En algunas partes del libro, Moisés Ramírez intenta convencernos de que todo es una broma. Que varias de las citas son falsas. Que los personajes no existen. Que un puñado de sentimientos son ironía. Pueden serlo. Sin embargo, incluso en la planeación de la chacota, en la intención de elaborar esa broma, el propósito desencantado se mantiene. Descreer de las líneas en donde se asegura que la literatura causa dolor de cabeza es una vuelta de tuerca del nihilismo. Es descreer incluso del descreimiento. Es mantener incólume la sagacidad del recelo. De la misma manera, casi no importa que citas de Borges, Perec o Kafka sean auténticas. Sino que Moisés Ramírez, por más que desee desdibujarse de sí mismo y a sus referencias, sigue estableciendo diálogos literarios con estos autores. La negación, alteración e invención de lo leído sigue siendo literatura. En este caso, una literatura por completo anclada a los intereses de ese Ramírez que insiste en desvanecerse en medio del sarcasmo.
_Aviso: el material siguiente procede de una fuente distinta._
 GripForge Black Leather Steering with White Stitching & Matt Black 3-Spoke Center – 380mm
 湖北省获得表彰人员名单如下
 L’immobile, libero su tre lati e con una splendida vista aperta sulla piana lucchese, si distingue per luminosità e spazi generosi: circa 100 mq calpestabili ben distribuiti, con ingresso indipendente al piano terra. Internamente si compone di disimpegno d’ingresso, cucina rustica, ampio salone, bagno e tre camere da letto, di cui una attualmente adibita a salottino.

Y son varios los sitios en los que el desvanecimiento se intenta. La nota autobiográfica prolonga la falta de claridad. Toda claridad corre el riesgo de ser simplista. De ser unívoca, y Moisés Ramírez no quiere eso de sí mismo. Incluso la fotografía que acompaña a sus textos ofrece misterio en su ausencia de determinación. Sin embargo, todo ello forma parte de un plan concreto. Inevitablemente. Uno de los libros que me vino constantemente a la cabeza mientras leía Cuaderno del paseante es El guardián entre el centeno de Salinger. Ya saben: un joven escritor hastiado del mundo, de sus profesores, de sus lecturas, del hombre hipócrita que tiene por vecino. Un relato que nos lleva de una decepción a otra, de un desencanto a otro. Pero el personaje de Salinger no se vuelve antipático. Hay una esencia no expresada de manera literal que nos mantiene leyendo y que incluso logra que le tomemos cierta simpatía. Coincidimos en su desencanto. Nos parece honesto aun cuando miente. Algo parecido pasa con Moisés Ramírez, sea autor o personaje.
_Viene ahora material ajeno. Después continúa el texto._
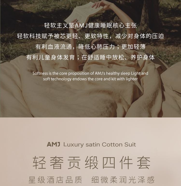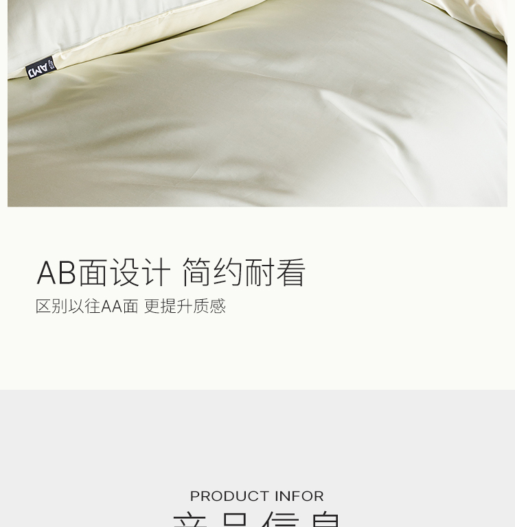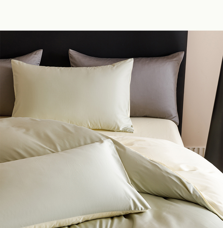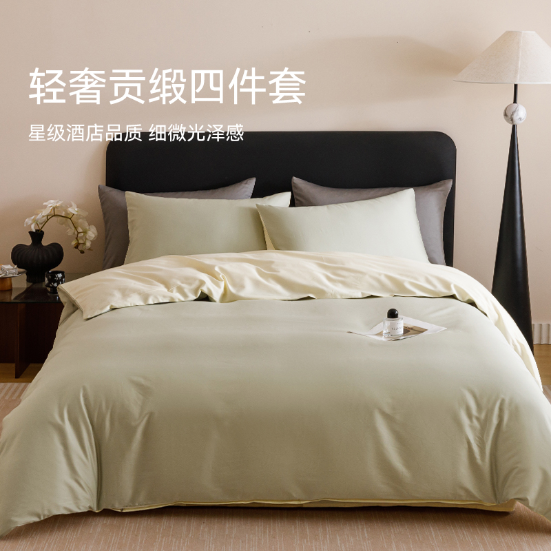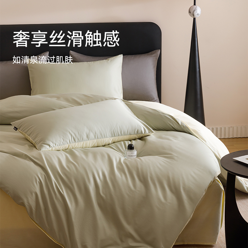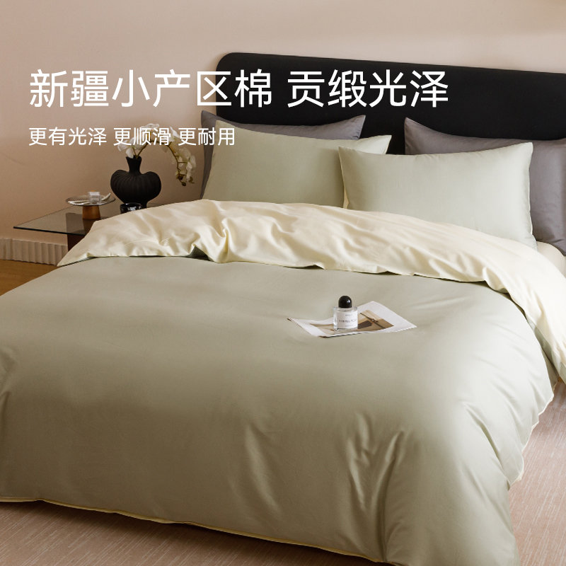 全棉60s套件,精选新疆长绒棉,每朵棉花充足日照3100小时,纤维柔长,洁白硕大,质感更柔软,更亲肤,韧性更强。贡缎工艺织造,赋予面料丝滑质地,触肤丝滑光滑,更加贴身。采用丝光工艺处理,细腻亲肤。如真丝般温润光感,见证被感知的细腻,让一个纯棉的套件在光的照亮下,泛出金属的光泽度。经典双拼色,点亮视觉美感。

Con esto aúno un libro más a los varios que torturan a nuestro autor. Los libros persiguen a Moisés Ramírez de manera obsesiva. Lo hacen sufrir. Cada opción literaria se torna en infinita posibilidad. Un laberinto que, a cada paso, construye nuevas paredes. Nuevos pasadizos. Los libros no lo dejan en paz. Le convierten la cabeza en una caja de resonancia que no para de emitir reflexiones. Algunas muy poéticas, algunas muy racionales. Son varias las páginas de su propio libro donde confiesa este mal. Un padecimiento que recuerda al Mal de Montano de Enrique Vila-Matas. Las ideas leídas se vuelven reflexión escrita. No hay escapatoria. Es la prolongación del lúcido mal. Y no me cabe la menor duda: Ramírez no se deshará de ese anatema. Seguirá leyendo, escribiendo. La literatura lo seguirá persiguiendo. Eso me da mucho gusto y me hace pensar: es la primera vez que celebro una maldición.